The Wing D-1 Derringer is an American light twin-engined two-seat monoplane tourer designed by John Thorp and developed by the Hi-Shear Corporation and built by the Wing Aircraft Company.

==Development==
The D-1 Derringer light twin design was originally designed in 1958 by John Thorp as the Thorp T-17 a twin-engined development of his Thorp T-11 Sky Scooter. The design was taken over by George Wing of the Hi-Shear Corporation. The Derringer is a low-wing cantilever monoplane with a retractable tricycle landing gear. It had room for two in an enclosed cockpit with an unusual up and backward opening canopy. It was powered by two 100 hp Continental O-200 engines, one mounted on the leading edge of each wing. The prototype aircraft (registered N3621G) first flew on May 1, 1962 at Torrance.

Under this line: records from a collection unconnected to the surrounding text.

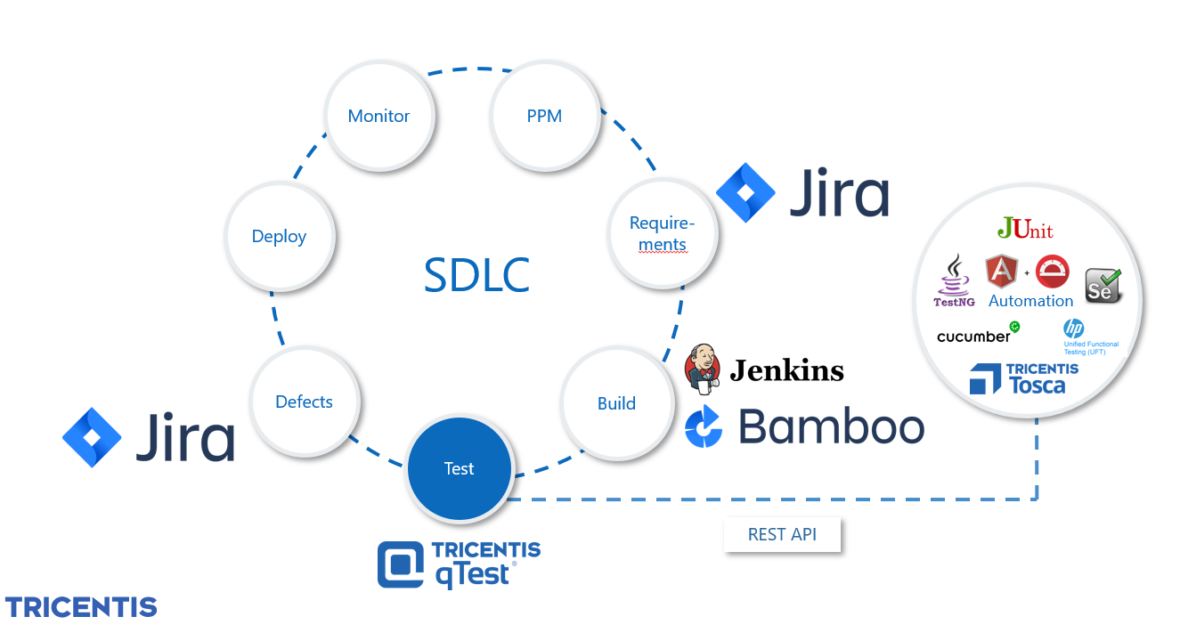 Traceability is a fundamental component of what qTest provides your Agile environment. By centralizing all of your Test Cases (including manual, BDD, various automated, and even exploratory) within qTest Manager, you are able to provide uniform traceability and coverage across your Requirements. qTest is the central repository of all test assets, regardless of how or where they are executed. This can be seen at a high level in the below diagram.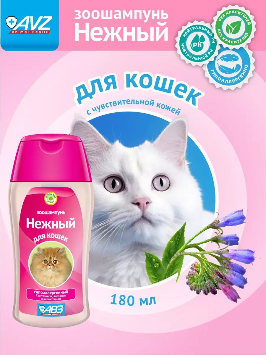 Шампунь Нежный для кошек всех пород. Универсальный гипоаллергенный шампунь - идеальное средство для ухода за животными, страдающими от воспалений и раздражений кожи. Его уникальная формула способствует заживлению кожи и освобождает вашего питомца от зуда и неприятного запаха. Ветеринары рекомендуют использовать этот шампунь для кошек с короткой и длинной шерстью, чтобы улучшить здоровье кожи и шерсти, а также решить проблемы, связанные с линькой, аллергией, кожными инфекциями и перхотью. Шампунь для животных не оказывает раздражающего и чрезмерно обезжиривающего действия на кожу. Он эффективно борется с бактериями, а мягкая формула шампуня бережно и нежно очищает кожу и шерсть от загрязнений, не вызывает аллергических реакций. Натуральный кондиционер хитозан и алое вера увлажняют, питают и восстанавливают шерсть, способствуют легкому расчесыванию. Этот шампунь подходит для всех типов шерсти: белой, рыжей, темной, длинношерстных и короткошерстных котов и кошек, мелких и крупных пород. В состав зоошампуней Нежный входит удивительный природный компонент алое вера, который прекрасно очищает, увлажняет и питает шерсть, придает здоровый вид и восхитительный блеск, укрепляет корни и препятствует выпадению шерсти, улучшает структуру, способствует легкому расчесыванию. Аллантоин натурального происхождения, оказывает увлажняющее и смягчающее действие, стимулирует заживление мелких трещин и ранок, способствует устранению перхоти. Провитамин В5 оказывает заживляющее, увлажняющее, успокаивающее действие, увеличивает прочность коллагеновых волокон, придает блеск, увлажняет шерсть. Кроме того, мы предлагаем широкий ассортимент товаров для груминга, кондиционеры и парфюм для животных, гель для глубокой очистки, бальзамы для ухода за шерстью, а также средства от линьки, перхоти и других проблем кожи и шерсти. Вся наша косметика для животных экологически чистая, Вы можете быть уверены, что наши средства для ухода за животными будут действительно эффективными и безопасными.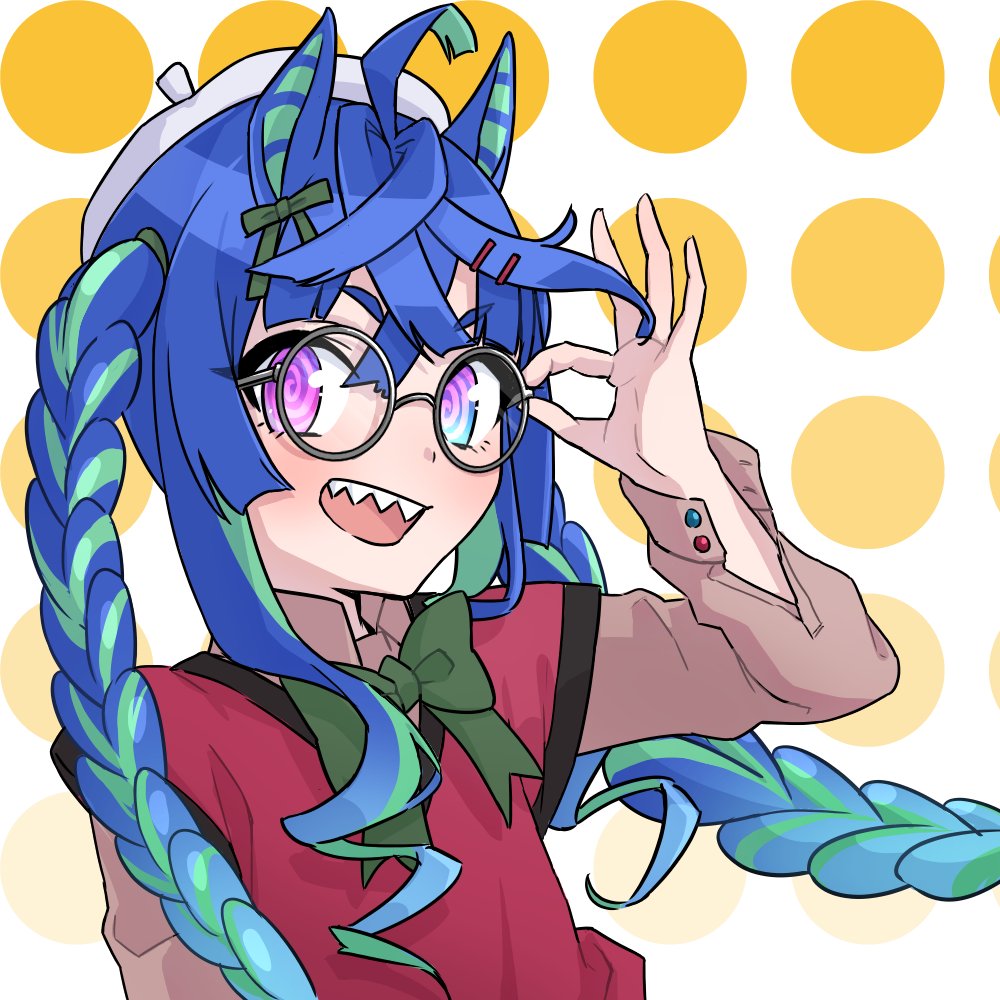 1girl @_@ adjusting_eyewear ahoge alternate_costume alternate_hairstyle animal_ears beret blue_hair bow bowtie braid brown_shirt crossed_bangs glasses green_bow green_bowtie hair_ornament hairclip hand_up hat horse_ears long_hair long_sleeves looking_at_viewer modjiro multicolored_eyes open_mouth purple_eyes round_eyewear sharp_teeth shirt smile solo teeth twin_braids twin_turbo_(umamusume) umamusume upper_body upper_teeth_only v-neck white_hat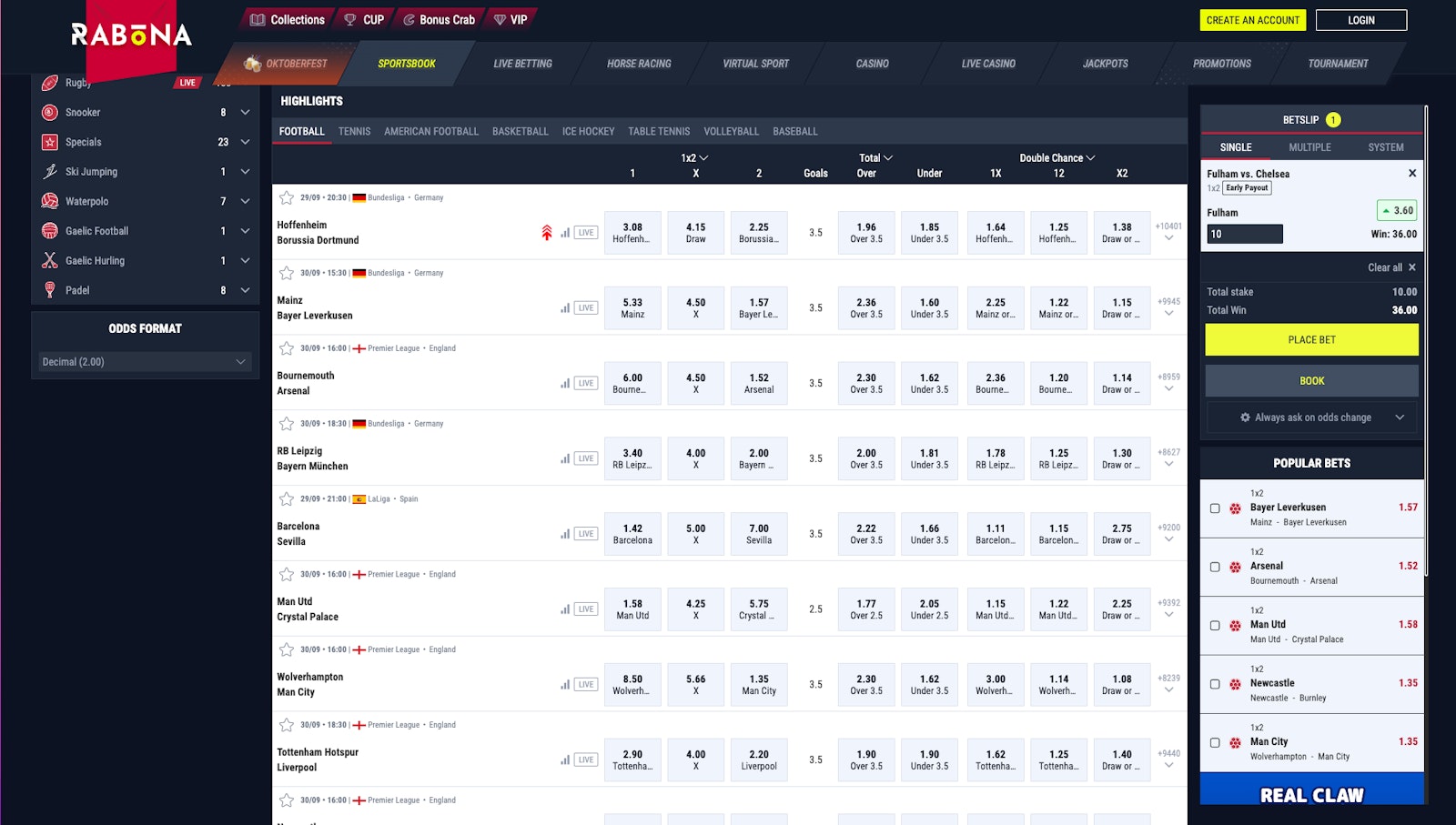 The name Rabona is a perfect fit for this sportsbook, as it not only symbolises a special football trick but also reflects the bookmaker's fervour for football betting. As expected, football takes centre stage here, and the list of football leagues that you can wager on is huge.

A second prototype flew in November 1964 but crashed a few weeks later due to an in-flight airframe failure. A static test aircraft and two more aircraft were built for testing which resulted in the award of FAA type certificate A9WE on December 20, 1966. The aircraft did not go into production due to internal problems within the Hi-Shear Corporation.

The Derringer used manufacturing techniques that were considered new at the time it was developed. Butt-joined, flush-riveted, chemically-milled and stretched skins are used throughout the airframe.

Development of a two-seat Coin/military trainer version designated Wing D-2M Derringer was begun but failed to develop further than the design stage.

In 1978 George Wing left Hi-Shear and started the Wing Aircraft Company. The company built one pre-production aircraft followed by six production aircraft and then entered bankruptcy in July 1982, after which only one further aircraft was built before seven unfinished airframes were sold.

As of June 3, 1998, the D-1’s type certificate number A9WE was held by Emerald Enterprises LTD of San Diego, CA.

Nine D-1 aircraft were on the U.S. civil aircraft register in May 2009.